• _Supplied information_:
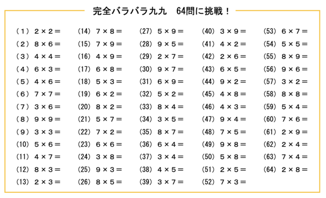 1の段と各段の×1を除いた、完全に順不同にした九九カードを使って唱えたり、64個の九九をランダムに並べた「完全バラバラ九九」プリントを使って習熟する。
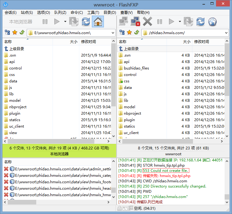 CentOS下vsftp通过FlashFXP 5上传文件出现:553 could not creat file的解决!
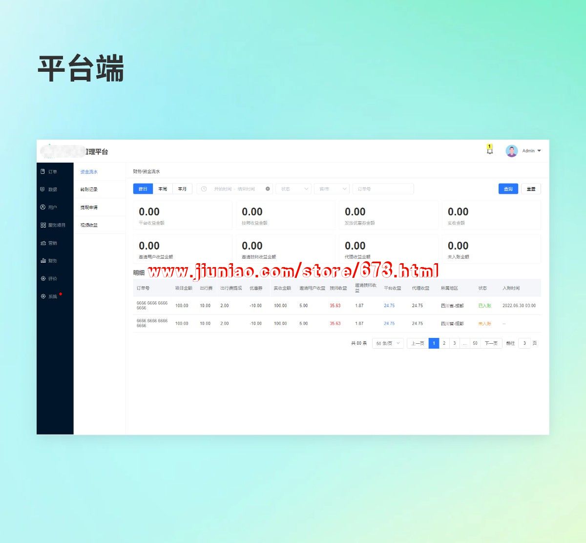 2,订单系统(所有服务订单,都有详细的列表记录)
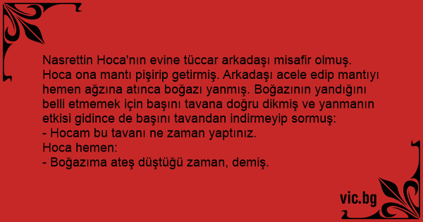 Nasrettin Hoca'nın evine tüccar arkadaşı misafir olmuş. Hoca ona mantı pişirip getirmiş. Arkadaşı acele edip mantıyı hemen ağzına atınca boğazı yanmış. Boğazının yandığını belli etmemek için başını tavana doğru dikmiş ve yanmanın etkisi gidince de başını tavandan indirmeyip sormuş:
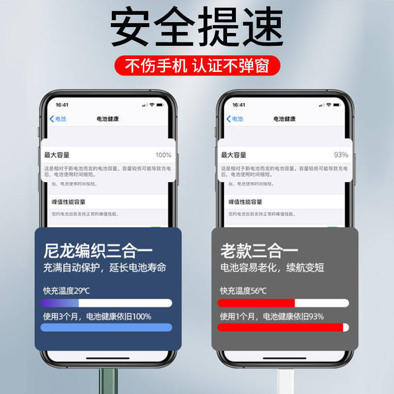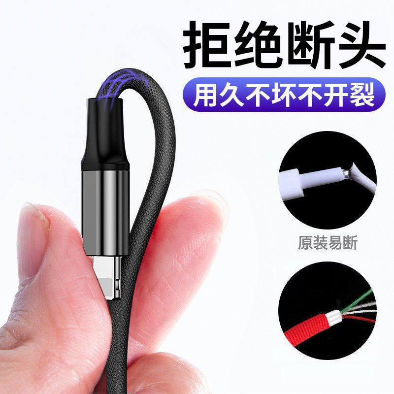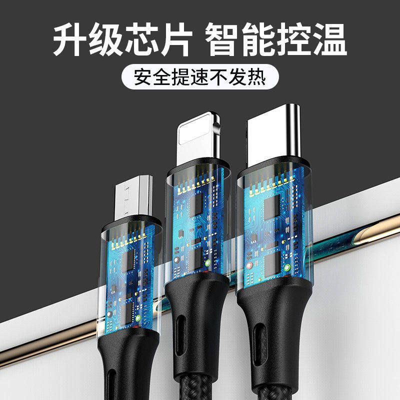 移动电源充电宝短款数据线一拖三快充适用苹果安卓typec充电线多
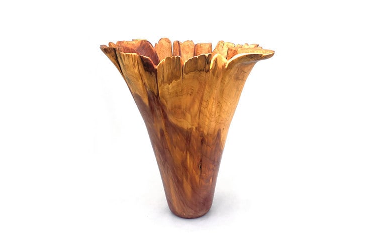 Ogni oggetto nasce da un blocco di legno massello e viene accuratamente modellato a mano, lasciando che le venature naturali guidino la forma finale. Nessun colorante, nessuna produzione di massa: solo vero legno, lavorato con cura.
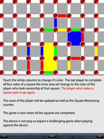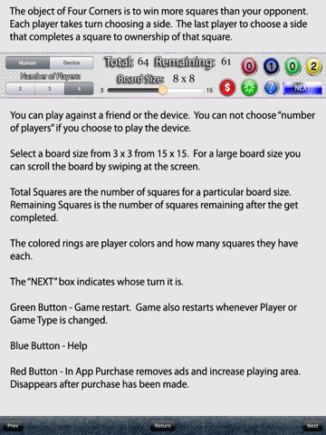 The object of Four Corners is to win more squares than your opponent. Each player takes turn choosing a side. The last player to choose a side that completes a square to ownership of that square.
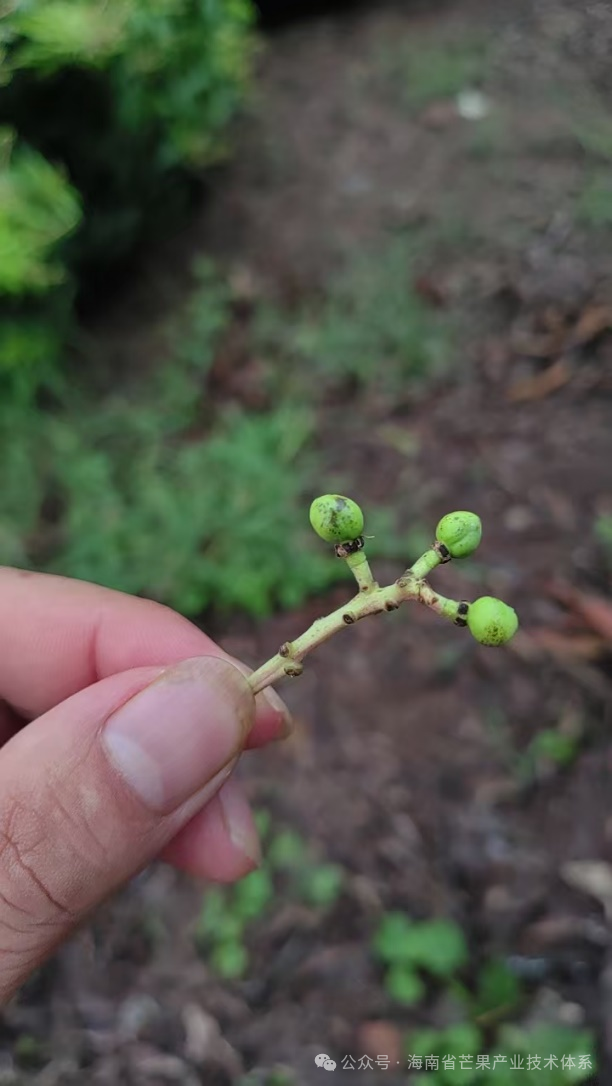 流行臺風雨后,植株受傷,樹勢降低,且連續雨水天氣,空氣潮濕,容易誘發芒果細菌性角斑病、炭疽病、流膠病等病害流行發生。當前三亞、樂東等部分果園出于揚花期和小果期,尤其要注重預防芒果細菌性角斑病細菌病害,和芒果炭疽病、枝枯病、流膠病等真菌性病害的流行。受損樹應該在晴天上午10點以前或者下午4點以后,噴1%石灰等量式波爾多液或者代森錳鋅等殺菌劑,預防病害的發生。還可選用戊唑醇、肟菌·戊唑醇、唑醚·氟環唑、氟菌·戊唑醇、苯甲·丙環唑、苯醚甲環唑、代森錳鋅、吡唑醚菌酯、三唑酮等藥劑預防真菌性病害;可選用波爾多液、石硫合劑、春雷·王銅、噻菌銅、春雷霉素、氫氧化銅、中生菌素等藥劑預防細菌性黑斑病。

• _Work to be completed_:
Restate the material word for word; no picture should appear in the copy.

• _Reply_:
 1の段と各段の×1を除いた、完全に順不同にした九九カードを使って唱えたり、64個の九九をランダムに並べた「完全バラバラ九九」プリントを使って習熟する。
 CentOS下vsftp通过FlashFXP 5上传文件出现:553 could not creat file的解决!
 2,订单系统(所有服务订单,都有详细的列表记录)
 Nasrettin Hoca'nın evine tüccar arkadaşı misafir olmuş. Hoca ona mantı pişirip getirmiş. Arkadaşı acele edip mantıyı hemen ağzına atınca boğazı yanmış. Boğazının yandığını belli etmemek için başını tavana doğru dikmiş ve yanmanın etkisi gidince de başını tavandan indirmeyip sormuş:
 移动电源充电宝短款数据线一拖三快充适用苹果安卓typec充电线多
 Ogni oggetto nasce da un blocco di legno massello e viene accuratamente modellato a mano, lasciando che le venature naturali guidino la forma finale. Nessun colorante, nessuna produzione di massa: solo vero legno, lavorato con cura.
 The object of Four Corners is to win more squares than your opponent. Each player takes turn choosing a side. The last player to choose a side that completes a square to ownership of that square.
 流行臺風雨后,植株受傷,樹勢降低,且連續雨水天氣,空氣潮濕,容易誘發芒果細菌性角斑病、炭疽病、流膠病等病害流行發生。當前三亞、樂東等部分果園出于揚花期和小果期,尤其要注重預防芒果細菌性角斑病細菌病害,和芒果炭疽病、枝枯病、流膠病等真菌性病害的流行。受損樹應該在晴天上午10點以前或者下午4點以后,噴1%石灰等量式波爾多液或者代森錳鋅等殺菌劑,預防病害的發生。還可選用戊唑醇、肟菌·戊唑醇、唑醚·氟環唑、氟菌·戊唑醇、苯甲·丙環唑、苯醚甲環唑、代森錳鋅、吡唑醚菌酯、三唑酮等藥劑預防真菌性病害;可選用波爾多液、石硫合劑、春雷·王銅、噻菌銅、春雷霉素、氫氧化銅、中生菌素等藥劑預防細菌性黑斑病。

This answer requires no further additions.